Sendo assim, a Justiça Restaurativa, quando trabalhada em conjunto com o sistema punitivo, não terá como atingir a sua finalidade – que consiste em conscientizar o indivíduo. Isso decorre do fato de que o ofensor, tendo a expectativa de que será punido ao final do procedimento restaurativo, provavelmente ficara desinteressado no procedimento, o que inviabiliza que ele ocorra – já que é necessário grande empenho emocional no processo de conscientização. Ademais, existe uma grande possibilidade de quebra do sigilo das informações adquiridas no procedimento restaurativo, o que seria um ônus para o ofensor caso fossem utilizadas no processo penal.

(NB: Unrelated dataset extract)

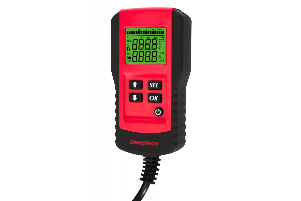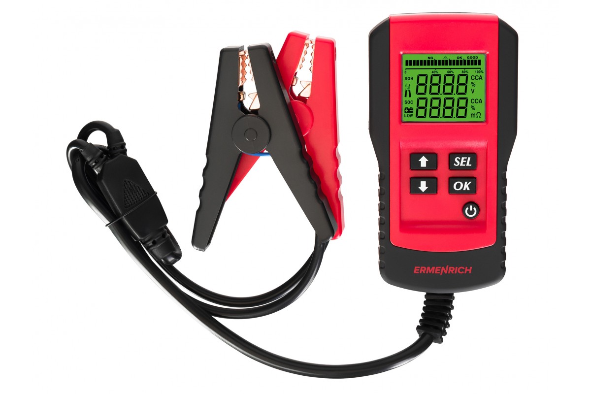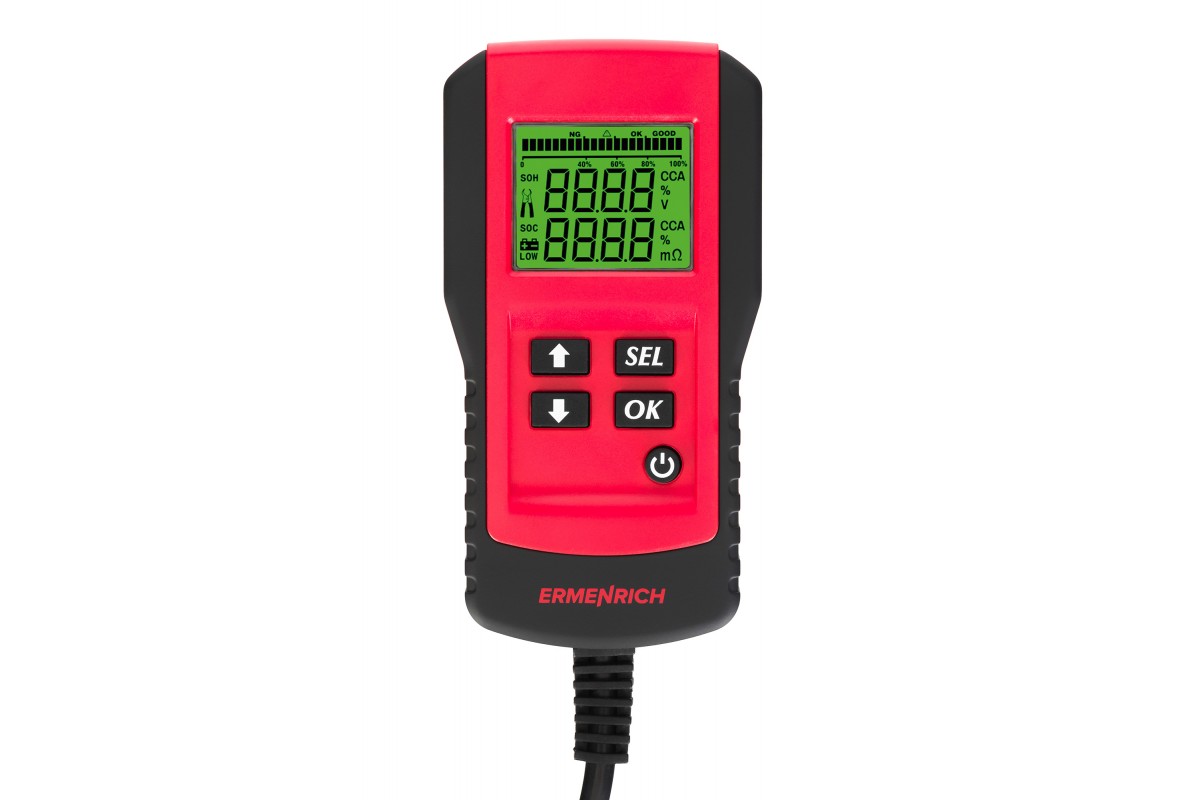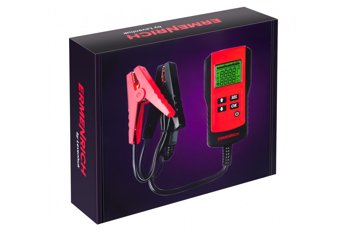Ermenrich Zing AL45 – аккумуляторный тестер, который предназначен для проверки состояния батарей, используемых в автомобилях и источниках бесперебойного питания. Он представляет собой небольшой измерительный прибор со встроенным экраном и двумя зажимами-крокодилами – катодом и анодом. Зажимы фиксируются на аккумуляторе, прибор получает питание непосредственно от подключенной батареи, результаты измерений быстро отображаются на экране.
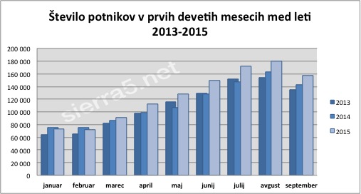 Na letni ravni Brnik beleži 10,6% rast števila potnikov (največ, kjer ima Fraport večinski lastniški delež), ter 1,4% rast tovornega prometa. Povprečna zasedenost letal je v prvih desetih mesecih za 6,3% višja, kot v enakem obdobju prejšnje leto. Sicer, pa je v prvih treh kvartalih videna rast števila potnikov iz posameznih držav s področij Balkana, severnih držav Srednje Evrope ter Švice. Top 5 destinacij, kamor potniki največ potujejo preko rednih povezav iz Aerodroma Ljubljane, vendar do tja (še) ni direktnih letov so Bukarešta, Atene (redni leti pričnejo junija 2016), Sofija, New York in Madrid.

Por outro lado, quando a Justiça Restaurativa é trabalhada como uma alternativa ao sistema punitivo-retributivo, o indivíduo, ao saber que passará por um processo restaurativo e que poderá não ser punido no final, evidentemente fará todo o esforço possível para colaborar, mas pode ser que isso não ocorra de modo sincero e espontâneo, não existindo conscientização de fato nem a reabilitação do ofensor.

Por fim, um problema muito consistente no nosso país, refere-se ao fato de ausência de lei no nosso ordenamento jurídico que regule a aplicação da Justiça Restaurativa. A Resolução CNJ n.º 225/2016 especializa a matéria, de modo que dá abertura para as práticas, especificando-as e caracterizando a Justiça Restaurativa.

Contudo, o CNJ não tem competência para legislar, tratando-se apenas de especificações e informações acerca do tema. Ante o exposto, em virtude da falta de regulamentação do tema dentro das disposições do processo penal, há grande incerteza por parte dos juízes para aplicação da Justiça Restaurativa, o que resulta na falta de aplicação das práticas. Ademais, diante da ausência de lei que regulamente a aplicação, um juiz que não simpatize com os preceitos da Justiça Restaurativa, por exemplo, não irá fazer o encaminhamento dos casos.